Thank you for your support!

Twist Out on 4-inch Hair Photo Montage

I did this twist-out on “old hair” (previously styled but not dirty hair), but you can also do this on freshly washed or co-washed hair. I tried doing a twist-out on my Big Chopped 2.5-inch hair, but I didn’t like the results (at all)! I also tried a twist-out on my freshly washed hair, but I think I might like the results better on previously styled hair. Although, since my twist-out turned out so well this time, I might try this technique again on freshly washed hair. Because I have low-porosity natural hair, I have found that my styles turn out significantly better when I layer in several products as opposed to just using one or two products (like I did when I had high-porosity relaxed hair). Those who want to try this technique on old hair can skip steps 1-3 like I did. Here are the products/steps I used to attain this style:

  1. Shampoo
  2. Condition
  3. Deep Condition
  4. Apply a heavy moisturizer. (I used about two tablespoons of my rinse-out VO5 Moisture Milk conditioner, but I didn’t rinse it out.) Let air dry for 5-10 minutes.
  5. Lightly mist your hair with your favorite leave- in. (I used my DIY glycerin spritz.)
  6. Apply a light oil. (I used olive oil.)
  7. Two-strand twist your hair in sections. (Since my hair is so short, I randomly twisted sections of my hair instead of parting and sectioning off my head in quadrants like I used to do when my hair was much longer.)
  8. Lightly rewet hair (if necessary) to keep hair moist as you twist the sections of your hair.
  9. Wrap hair in a satin scarf/bonnet.
  10. The next day (or whenever you are ready to untwist your hair), lightly mist your hair with your favorite leave- in. (I used my DIY glycerin spritz.)
  11. Spritz your hands with an oil of choice or use your favorite butter (i.e., shea butter, cocoa butter, mango butter, etc). I used my homemade whipped shea soufflé.
  12. As you undo each twist, use additional oil or hair butter as necessary.
  13. Rub about a teaspoon of your favorite gel between the palms of your hands or the tips of your fingers. (I used my homemade Eco Styler custard.) Gently run your hands or the pads of your fingers over your hair.
  14. Add about a teaspoon of hair pomade between the palms of your hands or the tips of your fingers. (I used Elasta QP’s conditioning glaze.) Gently run your hands or the pads of your fingers over your hair.

This may seem like a lot of steps, but this didn’t take me very long to do at all.
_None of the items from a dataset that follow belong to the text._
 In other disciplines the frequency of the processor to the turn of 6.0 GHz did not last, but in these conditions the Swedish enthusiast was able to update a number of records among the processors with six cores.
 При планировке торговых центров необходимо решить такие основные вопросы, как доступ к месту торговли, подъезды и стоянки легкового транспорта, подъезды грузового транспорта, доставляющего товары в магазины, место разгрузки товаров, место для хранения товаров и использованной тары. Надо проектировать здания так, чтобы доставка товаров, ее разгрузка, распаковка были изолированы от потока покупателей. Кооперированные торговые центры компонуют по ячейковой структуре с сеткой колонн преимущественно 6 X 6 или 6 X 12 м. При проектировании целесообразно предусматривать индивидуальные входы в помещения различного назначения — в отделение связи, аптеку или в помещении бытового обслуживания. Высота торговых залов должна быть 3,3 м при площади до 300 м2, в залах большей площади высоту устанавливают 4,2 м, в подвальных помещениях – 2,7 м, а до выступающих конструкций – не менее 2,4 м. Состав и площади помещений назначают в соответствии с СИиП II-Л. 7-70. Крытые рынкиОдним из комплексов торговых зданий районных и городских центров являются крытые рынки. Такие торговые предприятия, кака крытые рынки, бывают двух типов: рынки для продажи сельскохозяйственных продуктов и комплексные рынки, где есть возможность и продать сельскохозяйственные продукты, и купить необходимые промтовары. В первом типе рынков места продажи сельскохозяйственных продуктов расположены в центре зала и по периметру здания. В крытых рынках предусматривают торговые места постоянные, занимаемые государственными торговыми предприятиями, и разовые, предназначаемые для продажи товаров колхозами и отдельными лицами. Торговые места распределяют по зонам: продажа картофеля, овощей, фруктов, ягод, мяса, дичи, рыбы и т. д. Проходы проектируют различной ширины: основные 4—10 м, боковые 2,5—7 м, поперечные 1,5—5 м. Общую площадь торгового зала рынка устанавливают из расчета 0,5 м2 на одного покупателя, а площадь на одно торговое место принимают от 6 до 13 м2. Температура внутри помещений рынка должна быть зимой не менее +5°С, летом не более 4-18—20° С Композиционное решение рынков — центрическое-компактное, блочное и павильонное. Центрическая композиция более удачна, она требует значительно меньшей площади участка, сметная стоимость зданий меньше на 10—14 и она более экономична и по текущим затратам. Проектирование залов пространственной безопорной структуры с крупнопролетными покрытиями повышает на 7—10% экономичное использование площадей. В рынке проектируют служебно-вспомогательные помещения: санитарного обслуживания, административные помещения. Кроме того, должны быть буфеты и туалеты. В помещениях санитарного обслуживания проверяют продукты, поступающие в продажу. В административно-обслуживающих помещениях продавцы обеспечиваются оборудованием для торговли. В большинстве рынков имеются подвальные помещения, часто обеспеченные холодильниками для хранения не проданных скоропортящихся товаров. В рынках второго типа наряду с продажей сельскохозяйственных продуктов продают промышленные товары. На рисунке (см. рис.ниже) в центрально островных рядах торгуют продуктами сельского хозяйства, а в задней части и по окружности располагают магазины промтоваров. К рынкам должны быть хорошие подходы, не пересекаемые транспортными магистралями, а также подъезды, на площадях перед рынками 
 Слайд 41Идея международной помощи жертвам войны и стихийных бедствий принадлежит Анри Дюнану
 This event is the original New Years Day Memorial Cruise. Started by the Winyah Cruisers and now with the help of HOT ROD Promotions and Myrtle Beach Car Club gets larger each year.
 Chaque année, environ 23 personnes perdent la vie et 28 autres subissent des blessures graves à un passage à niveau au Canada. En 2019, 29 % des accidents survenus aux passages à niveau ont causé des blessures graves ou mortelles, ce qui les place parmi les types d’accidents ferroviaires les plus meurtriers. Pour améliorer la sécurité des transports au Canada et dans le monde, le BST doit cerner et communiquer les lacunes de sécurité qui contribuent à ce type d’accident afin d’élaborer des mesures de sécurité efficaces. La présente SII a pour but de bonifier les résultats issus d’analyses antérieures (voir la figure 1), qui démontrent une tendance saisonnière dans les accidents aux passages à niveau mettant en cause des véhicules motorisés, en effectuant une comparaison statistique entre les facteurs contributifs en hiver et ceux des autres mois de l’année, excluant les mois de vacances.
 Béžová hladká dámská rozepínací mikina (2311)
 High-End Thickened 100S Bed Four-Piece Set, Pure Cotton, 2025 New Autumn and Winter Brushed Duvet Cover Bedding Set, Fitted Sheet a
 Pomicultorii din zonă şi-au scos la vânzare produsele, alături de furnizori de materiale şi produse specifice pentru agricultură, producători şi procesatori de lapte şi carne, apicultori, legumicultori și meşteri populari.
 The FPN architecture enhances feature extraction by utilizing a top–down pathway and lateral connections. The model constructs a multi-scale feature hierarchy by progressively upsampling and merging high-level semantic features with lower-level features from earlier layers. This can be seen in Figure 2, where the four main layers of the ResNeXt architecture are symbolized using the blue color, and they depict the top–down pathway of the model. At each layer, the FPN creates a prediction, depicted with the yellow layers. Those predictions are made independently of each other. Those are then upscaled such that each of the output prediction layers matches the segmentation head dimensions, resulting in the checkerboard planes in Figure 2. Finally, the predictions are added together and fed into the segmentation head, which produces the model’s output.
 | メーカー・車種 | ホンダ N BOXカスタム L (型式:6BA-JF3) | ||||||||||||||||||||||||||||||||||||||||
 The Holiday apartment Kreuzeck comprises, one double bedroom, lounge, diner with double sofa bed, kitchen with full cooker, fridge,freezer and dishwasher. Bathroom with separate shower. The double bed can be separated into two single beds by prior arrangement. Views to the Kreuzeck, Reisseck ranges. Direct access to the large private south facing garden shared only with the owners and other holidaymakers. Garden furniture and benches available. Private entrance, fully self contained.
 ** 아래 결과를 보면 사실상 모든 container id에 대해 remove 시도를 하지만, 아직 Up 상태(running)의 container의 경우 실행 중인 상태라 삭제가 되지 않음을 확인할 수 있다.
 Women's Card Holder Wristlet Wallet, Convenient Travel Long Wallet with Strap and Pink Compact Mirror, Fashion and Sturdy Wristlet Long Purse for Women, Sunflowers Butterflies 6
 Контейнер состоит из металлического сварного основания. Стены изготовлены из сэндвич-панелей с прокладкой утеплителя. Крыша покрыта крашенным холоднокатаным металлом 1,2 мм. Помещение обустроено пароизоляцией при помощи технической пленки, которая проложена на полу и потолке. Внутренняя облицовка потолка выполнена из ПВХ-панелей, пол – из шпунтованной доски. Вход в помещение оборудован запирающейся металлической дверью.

I twisted my whole head in 20-30 minutes. The next day, I untwisted my hair and styled it to my liking in about 10-15 minutes. Using this technique, my hair lasted for three days before I needed to retwist it. To refresh my style, I just lightly misted my hair in the a.m. with my DIY glycerin spritz and then gently fluffed my coils. At night, I lightly misted my hair again and wrapped my hair with a satin scarf.